> Exercise goal:
Give the records again. Keep them exact and leave out the images.

> Material shown:
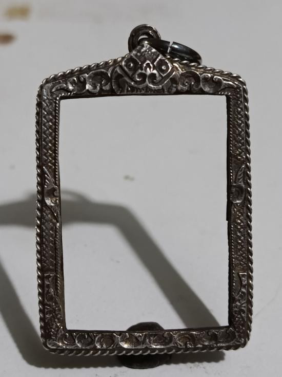 กรอบเงินแท้ งานสั่งทำ ใส่พระสมเด็จ ขนาด 3 * 4 ซม.หนาหนัก 6.71 กรัมสวยสมบูรณ์งานเก่า |
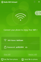 Baidu WiFi Hotspot довольно простая в установке утилита, которая автоматически настраивает нужные сетевые протоколы. То есть, после установки приложение не требует никаких дополнительных действий и настройки, а сразу получаете рабочую Хот Спот точку доступа. Все что от вас требуется – в появившемся окне ввести название и пароль. Приложение может сгенерировать данные значения автоматически, но лучше сделать это самостоятельно.Интерфейс
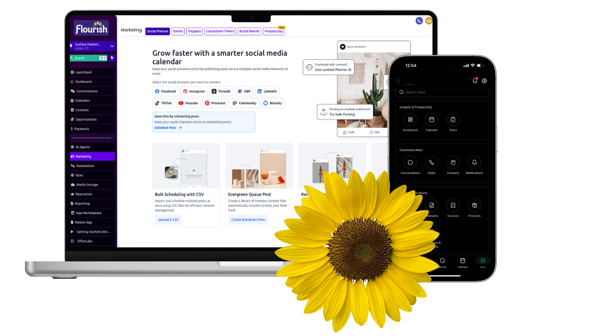 This page focuses on what Flourish helps you do so you don’t get lost in tech jargon. If you’re the kind of person who loves details, you can see every feature, broken down by category, on our Full Flourish Feature Tour section. It shows exactly what’s included in each plan and how it all fits together.
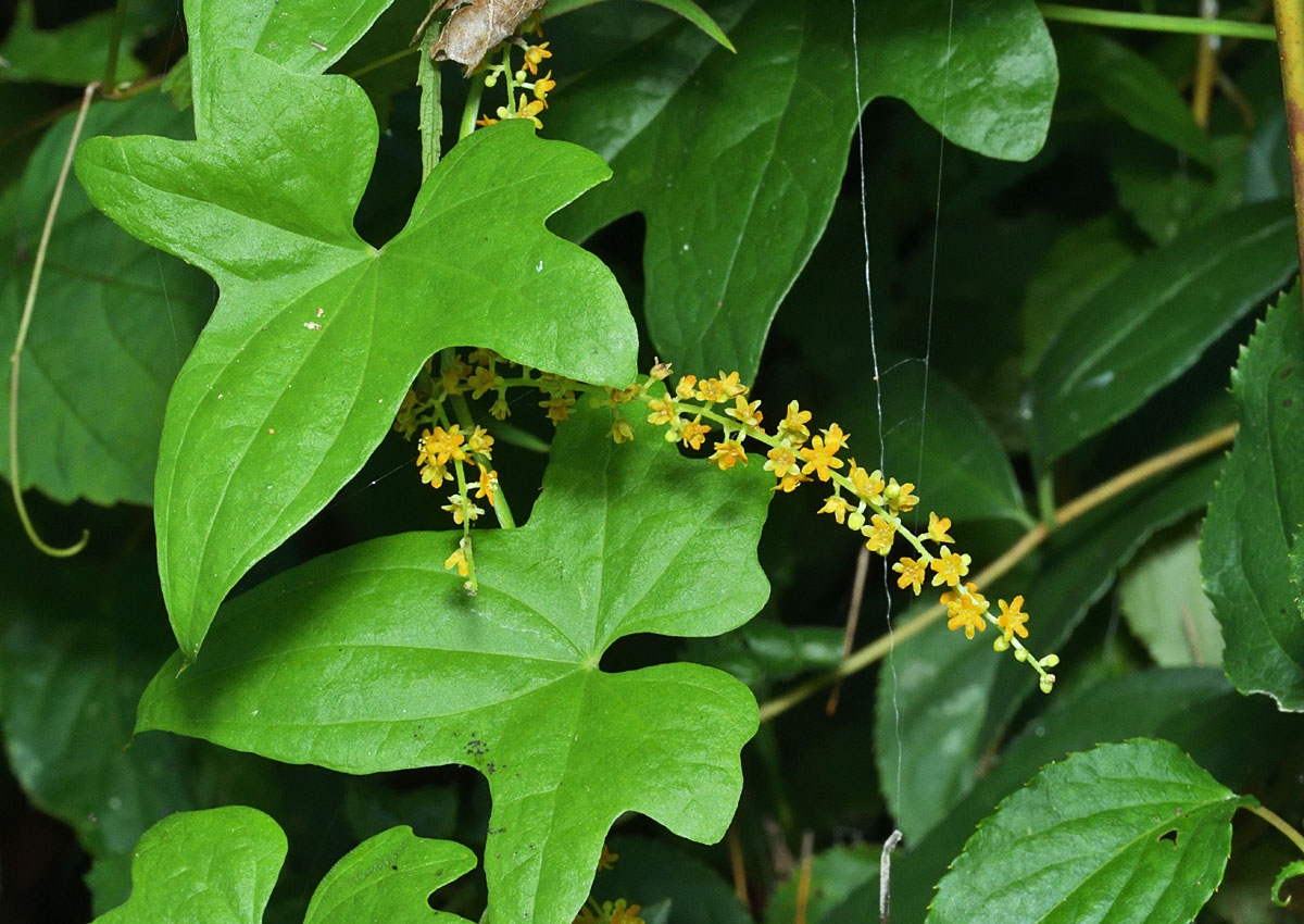 葉が5~7分裂し、カエデの葉のようになる。 雌雄異株
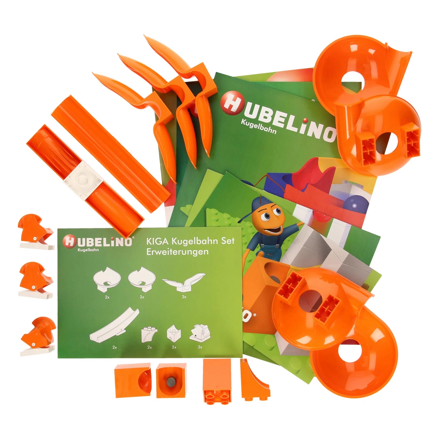 Eine Kiste gefüllt mit hochwertigem und langlebigem Baumaterial aus Kunststoff: das Hubelino Murmelbahn-KIGA-Schulset-Erweiterungsset. Dieses enthält 16 orangefarbene Bauteile zur Erweiterung Ihrer Hubelino -Kugelbahn: 4 Trichter, 3 Doppelgleiselemente, 2 Kippgleiselemente, 2 Startblöcke, 2 Steilhänge und 3 kleine Kippblöcke. Lassen Sie Ihrer Fantasie und Kreativität freien Lauf, um die besten Murmelbahnen zu bauen, oder nutzen Sie die Beispiele auf den Anleitungskarten oder in der Hubelino App. Mit dem Hubelino Kugelbahn-KIGA-Schulset-Erweiterungsset macht das Bauen und Murmelspielen mit Hubelino noch mehr Spaß!
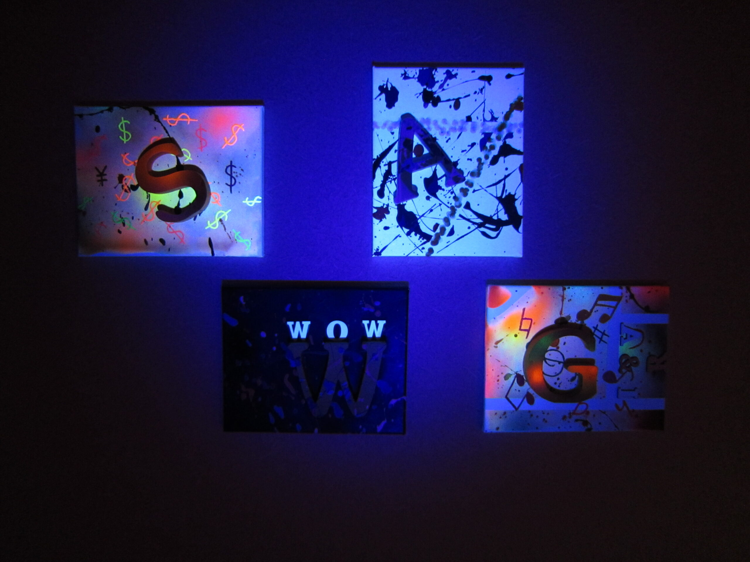 ブラックライトを作品に当てると
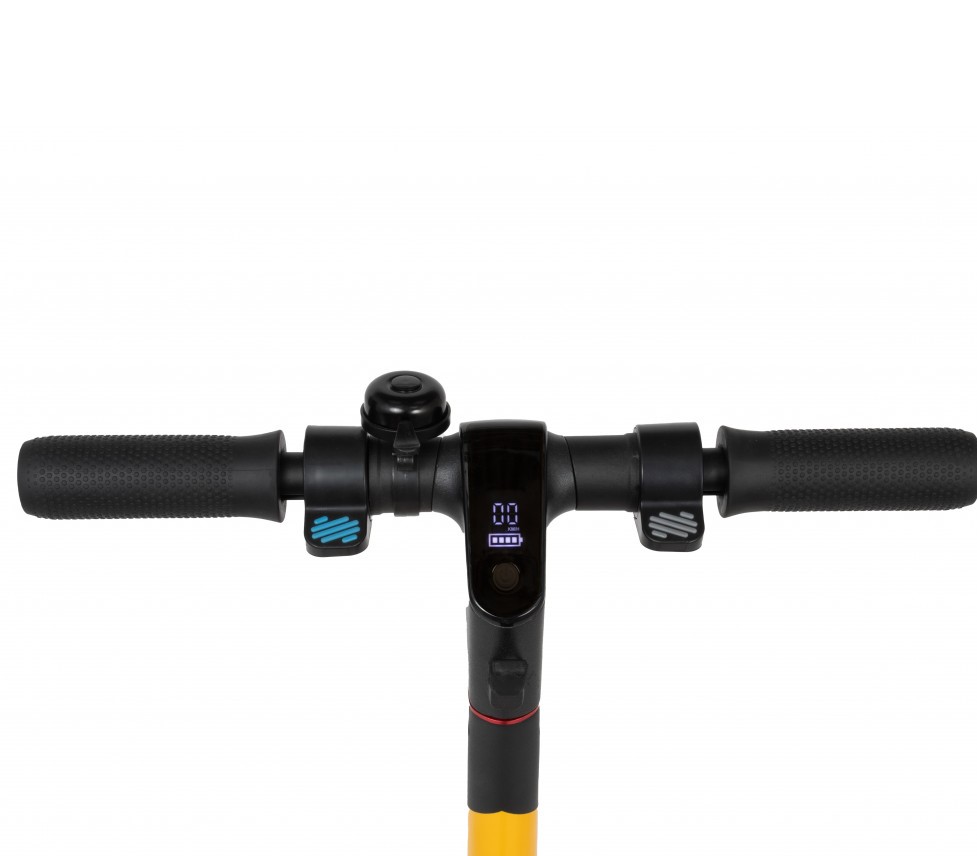 LCD дисплей, расположенный по центру руля, отображает основные характеристики электросамоката: текущую скорость, состояние аккумуляторной батареи и другие. Справа от дисплея расположен чувствительный рычаг газа, обеспечивающий максимально плавный старт.
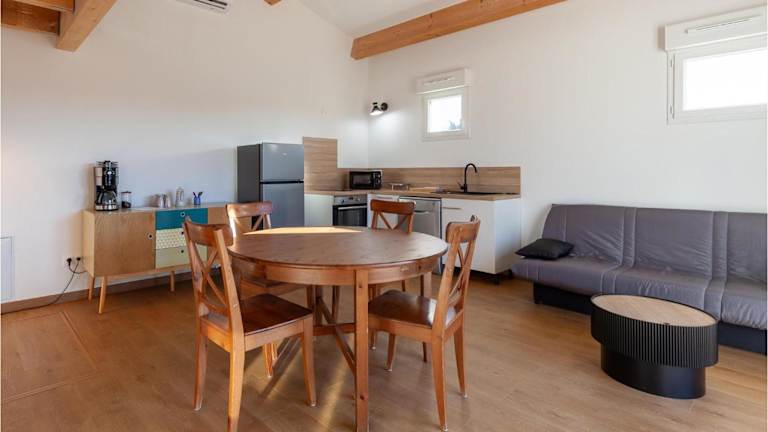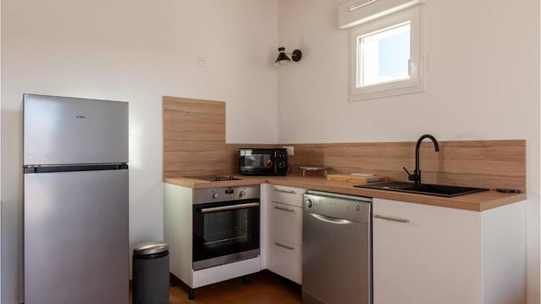 Das Apartment umfasst zwei Schlafzimmer und eine voll ausgestattete Küche, die mit einem Kühlschrank und einem Geschirrspüler ausgestattet ist. Zudem stehen zwei Badezimmer mit Dusche und Whirlpool zur Verfügung. Die Einrichtung ist modern und bietet einen Fernseher sowie Gartenmöbel für entspannte Stunden im Freien. Es handelt sich um eine Nichtraucherunterkunft, die Klimaanlage und Heizung bietet.

> Written solution:
 กรอบเงินแท้ งานสั่งทำ ใส่พระสมเด็จ ขนาด 3 * 4 ซม.หนาหนัก 6.71 กรัมสวยสมบูรณ์งานเก่า |
 Baidu WiFi Hotspot довольно простая в установке утилита, которая автоматически настраивает нужные сетевые протоколы. То есть, после установки приложение не требует никаких дополнительных действий и настройки, а сразу получаете рабочую Хот Спот точку доступа. Все что от вас требуется – в появившемся окне ввести название и пароль. Приложение может сгенерировать данные значения автоматически, но лучше сделать это самостоятельно.Интерфейс
 This page focuses on what Flourish helps you do so you don’t get lost in tech jargon. If you’re the kind of person who loves details, you can see every feature, broken down by category, on our Full Flourish Feature Tour section. It shows exactly what’s included in each plan and how it all fits together.
 葉が5~7分裂し、カエデの葉のようになる。 雌雄異株
 Eine Kiste gefüllt mit hochwertigem und langlebigem Baumaterial aus Kunststoff: das Hubelino Murmelbahn-KIGA-Schulset-Erweiterungsset. Dieses enthält 16 orangefarbene Bauteile zur Erweiterung Ihrer Hubelino -Kugelbahn: 4 Trichter, 3 Doppelgleiselemente, 2 Kippgleiselemente, 2 Startblöcke, 2 Steilhänge und 3 kleine Kippblöcke. Lassen Sie Ihrer Fantasie und Kreativität freien Lauf, um die besten Murmelbahnen zu bauen, oder nutzen Sie die Beispiele auf den Anleitungskarten oder in der Hubelino App. Mit dem Hubelino Kugelbahn-KIGA-Schulset-Erweiterungsset macht das Bauen und Murmelspielen mit Hubelino noch mehr Spaß!
 ブラックライトを作品に当てると
 LCD дисплей, расположенный по центру руля, отображает основные характеристики электросамоката: текущую скорость, состояние аккумуляторной батареи и другие. Справа от дисплея расположен чувствительный рычаг газа, обеспечивающий максимально плавный старт.
 Das Apartment umfasst zwei Schlafzimmer und eine voll ausgestattete Küche, die mit einem Kühlschrank und einem Geschirrspüler ausgestattet ist. Zudem stehen zwei Badezimmer mit Dusche und Whirlpool zur Verfügung. Die Einrichtung ist modern und bietet einen Fernseher sowie Gartenmöbel für entspannte Stunden im Freien. Es handelt sich um eine Nichtraucherunterkunft, die Klimaanlage und Heizung bietet.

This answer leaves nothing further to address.